There may be other correlation functions that you prefer. Check them out here http://reference.wolfram.com/language/guide/DescriptiveStatistics.html.

POSTED BY: Eric Rimbey
Posted 3 years ago

Thank you. Yes, I see the problem. The Dow Jones data is 248 points, against the Ethereum which is 348 values. Obviously the Dow Jones does not get updated at weekends or holidays, whereas cryptocurrencies would be every day. I assume there's a reasonable chance that the dates of Dow Jones index could be extracted, then the ethereum data extracted only on those dates, so the lengths of the datasets are the same.

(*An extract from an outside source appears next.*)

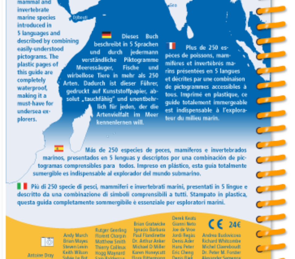 From the Red Sea to the Java Sea via the Arabian Sea and the Bay of Bengal, our guide describes 280 marine species. Entirely made of plastic material, it is perfectly water resistant and fits in the pocket of a diving vest as well as in a beach bag.
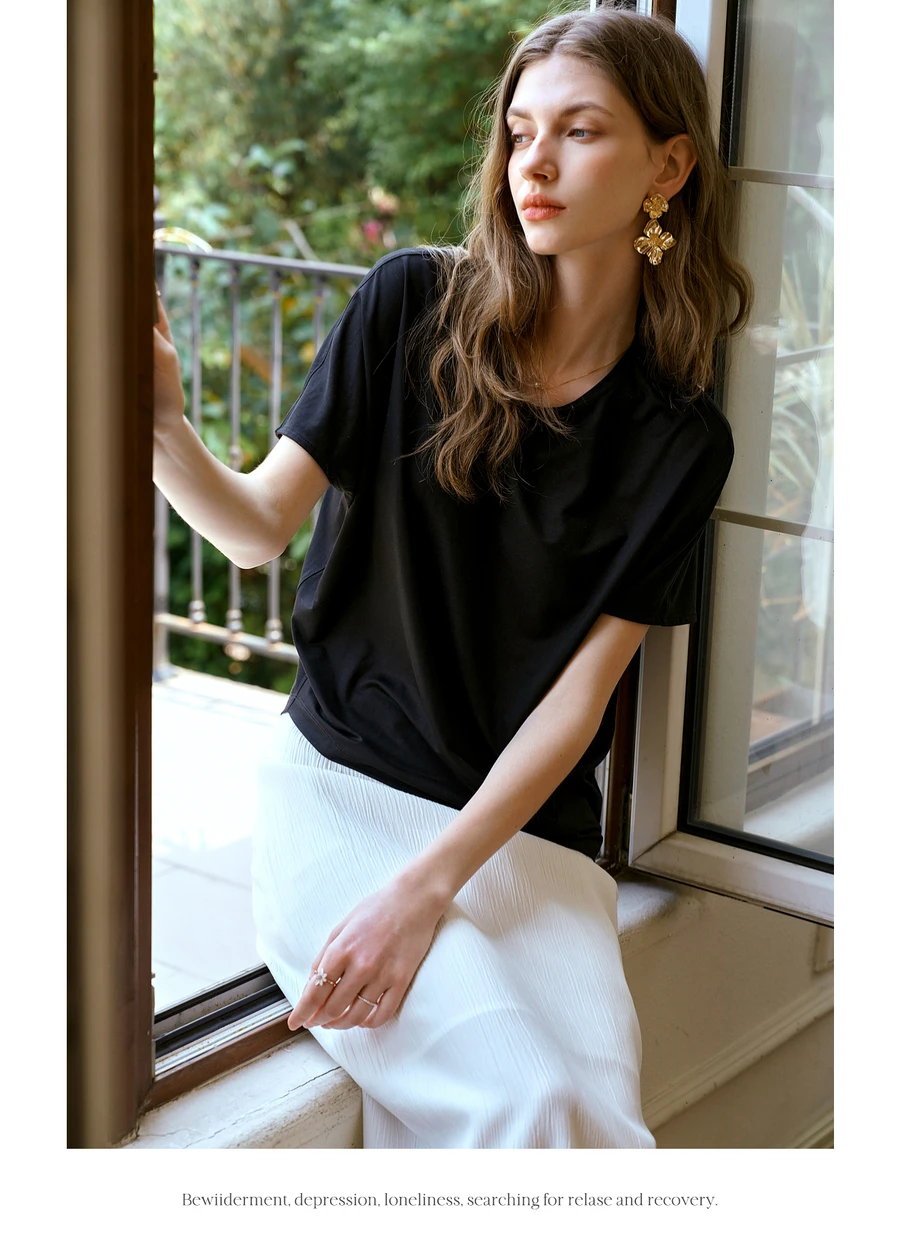 OLrain Short Bat Sleeve T-shirts for Women Summer 2025 Casual Loose Tee Shirt Ladies Crew Neck Tops Female Clothes O57XT98836

That would be pushing my Mathematica skills to the limit, but I expect that's the way to approach the problem, unless you have any better ideas.

Any suggestions for the other problem of getting sensible y-axes if plotting data with significantly different values?

POSTED BY: David Kirkby
Posted 3 years ago

Hi David,

Here is one way

date = "1/1/2021";
dji = FinancialData["^DJI", date];
eth = FinancialData["ETH/USD", date];

(* Extract date/value pairs *)
djiData = dji["DatePath"];
ethData = eth["DatePath"];

(* Identify dates common to both *)
commonDates = Intersection[djiData[[All, 1]], ethData[[All, 1]]];

(* Filter to common dates *)
djiFiltered = Select[djiData, MemberQ[commonDates, First@#] &];
ethFiltered = Select[ethData, MemberQ[commonDates, First@#] &];

(* Use the resource function CombinePlots to generate a 2 axis plot *)
ResourceFunction["CombinePlots"][
 DateListPlot[djiFiltered,
  PlotStyle -> ColorData[97][1],
  PlotLegends -> LineLegend[{ColorData[97][1]}, {"DJI"}]],
 DateListPlot[ethFiltered,
  PlotStyle -> ColorData[97][2],
  PlotLegends -> LineLegend[{ColorData[97][2]}, {"ETH"}]],
 "AxesSides" -> "TwoY"]

enter image description here

(* Compute correlation *)
Correlation[djiFiltered[[All, 2]], ethFiltered[[All, 2]]]
(* 0.814973 *)
POSTED BY: Rohit Namjoshi
Posted 3 years ago

Thank you very much for that! That must have been quite a bit of work to put that together.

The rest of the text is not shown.